I frequently talk about and lecture on understanding the importance of people in cybersecurity. I motivate security awareness training and explain how to correctly implement it. I’m usually quite clear on the facts: 70-90% of all incidents include human action making people the most frequently used attack vector, and we can only empower people by working with them, not against them. I’m also clear on people not being the weakest link.
However, I far too often read or listen to someone saying, ‘humans are the weakest link and the biggest problem in cybersecurity’. As much as I would have talked about not blaming users and working with people, this misconception and falsehood just does not go away.
Enough reason for me to sit down and write this post. There are several ways to highlight why a human-as-the-weakest-link perspective is problematic. Read below.
Humans are not failing technology. Technology is failing humans.
Insecure work practices and low security motivation among users can be caused by security mechanisms and policies that take no account of users’ work practices, organizational strategies, and usability. These factors are pivotal in the design and implementation of most computer systems today. Designers of security mechanisms must realize that they are the key to successful security system. Unless security departments understand how the mechanisms they design are used in practice, there will remain the danger that mechanisms that look secure on paper will fail in practice. – Adams and Sasse (2005)
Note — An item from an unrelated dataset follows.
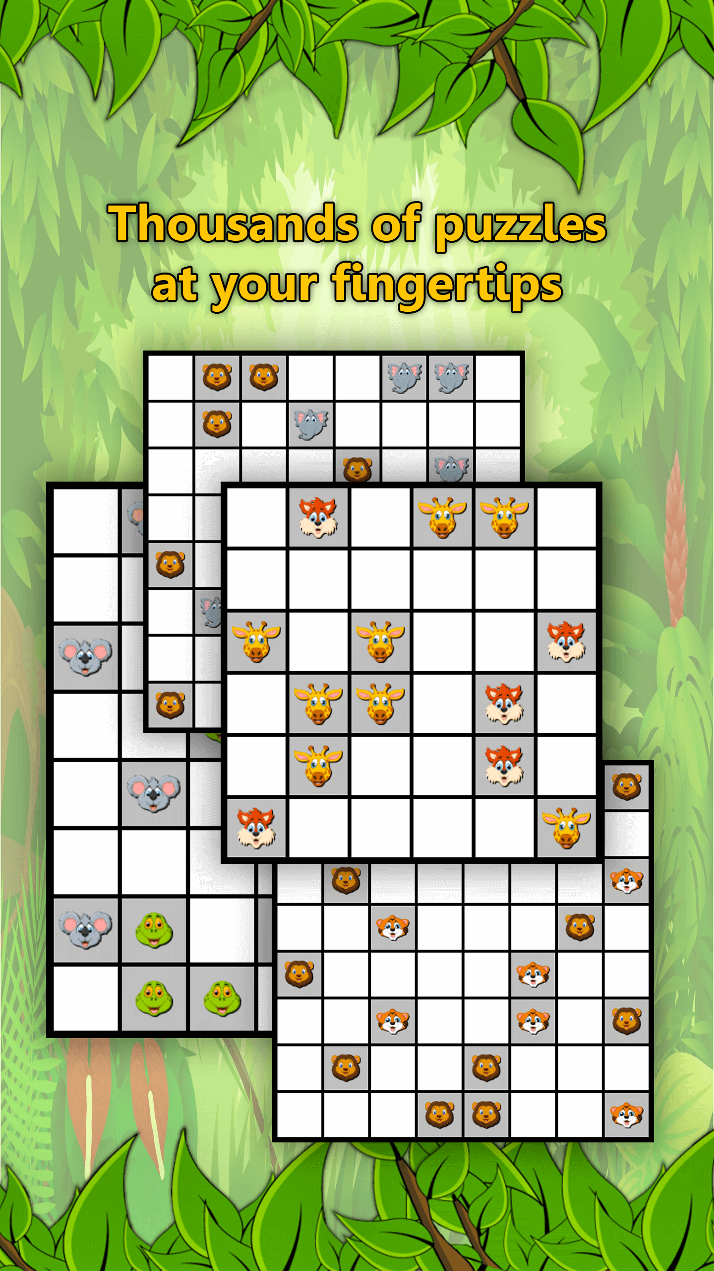 Hundreds of unique grids to play with funny animals. We can guarantee your kid(s) and you hours of fun and logic.

What Professors Adams and Sasse said in 2005 is still true in 2024, and it looks like that will not change any time soon. Not unless we all in the cybersecurity industry do a much better job at appreciating that humans are the most important part in all that we do. Without humans, there is no value creation, there is no customer, there is no business. A human-centered approach to security and technology design is the only viable path.
We must take into account users’ work practices (the way things are done), organizational strategies, and the usability of products. The experience of security matters, because that might be the difference between people following a secure process or behaving insecurely. If it is too difficult or the motivation is not high enough, we cannot expect people to behave securely. That’s in essence what BJ Fogg is telling us.
Why do we blame people but never the technology?
Yes, we are trusting by nature. We are creatures of habit. We are often too busy to pay attention, and we can be emotional creatures. And, yes, we are the most targeted attack vector, but only because technology and processes often fail us. There is often a lack of usability and simplicity. Training can only go so far if the design is not right.
It would be super easy to blame technology. Technology does not feel bad. Technology will continue the way it did before you blamed it.
Why do we blame users? I mean that just seems unfair. If we blame users, then we must also blame technology that might be unreliable, not robust, and insecure.
Also if one clicks on a link is all it takes to take an entire business down, what does that tell us about the quality of that business’s defenses? They probably were just not good enough. It would be entirely misguided to point the finger at any individual.
Logically, I really struggle to follow the idea of human as the weakest link. Allow me to illustrate my train of thought.
- The premise: human is the weakest link in cybersecurity.
- The evidence: human thinking and behavior is non-deterministic and not free of flaws.
- More evidence: Human has created technology.
- Inference #1: Technology behaves non-deterministic and is not free of flaws.
We know that this inference is true. When hardware and software get tampered with then the outcome of a given input cannot be predicted. Why do we have higher expectations for Human than for Technology? That does not make sense.
- Inference #2: If Human was perfect, then Human would create perfect Technology. If Technology was perfect then Human need not be perfect.
- Inference #3: Therefore, when Human is perfect Technology is perfect. And also, if Technology is not perfect we must not assume that Human be perfect.
As neither is the case, we must not have any such expectation of perfectness for either.
It’s People, Process, and Technology. Never just People.
If I haven’t convinced you with that almost philosophical argument, allow me to try again. This time with a very practical perspective.
- Observation: humans are the most targeted attack vector.
- Wrong conclusion: humans are the weakest link.
- Right conclusion: cyber criminals targeting humans is the biggest risk my organization faces.
Wrong conclusions are slippery slopes. If humans are the weakest link, then we must eliminate them from the equation. We must invest everything in technical defense measures. These are created by humans, and just as humans are, technological measures are fallible.
You would be much better off to realize that if humans are your weakest link, then your risk management is flawed. Your risk assessment and likely your mitigation strategy needs adjusting. Your assessment must be that humans are the most targeted attack vector, i.e., social engineering and phishing are among the most common attacks.
Your mitigation must involve measures that target people, processes, and technology. The three pillars of cybersecurity that you must consider when aiming to reduce risk. You must train people, deploy technological defense measures, and embed desired, secure behaviors in processes that you define and communicate.
There really shouldn’t be a ‘human’ element in your defense chain. That’s why I strongly dislike any talk about the human element being the weakest link. Each element of your defense chain always is a combination of people, processes, and technology.
It is a matter of perspective to realize that technology cannot exist without people and process as much as people cannot work without technology and process or a process does not make sense without people and technology. The three elements are interdependent and treating them in isolation is a mistake.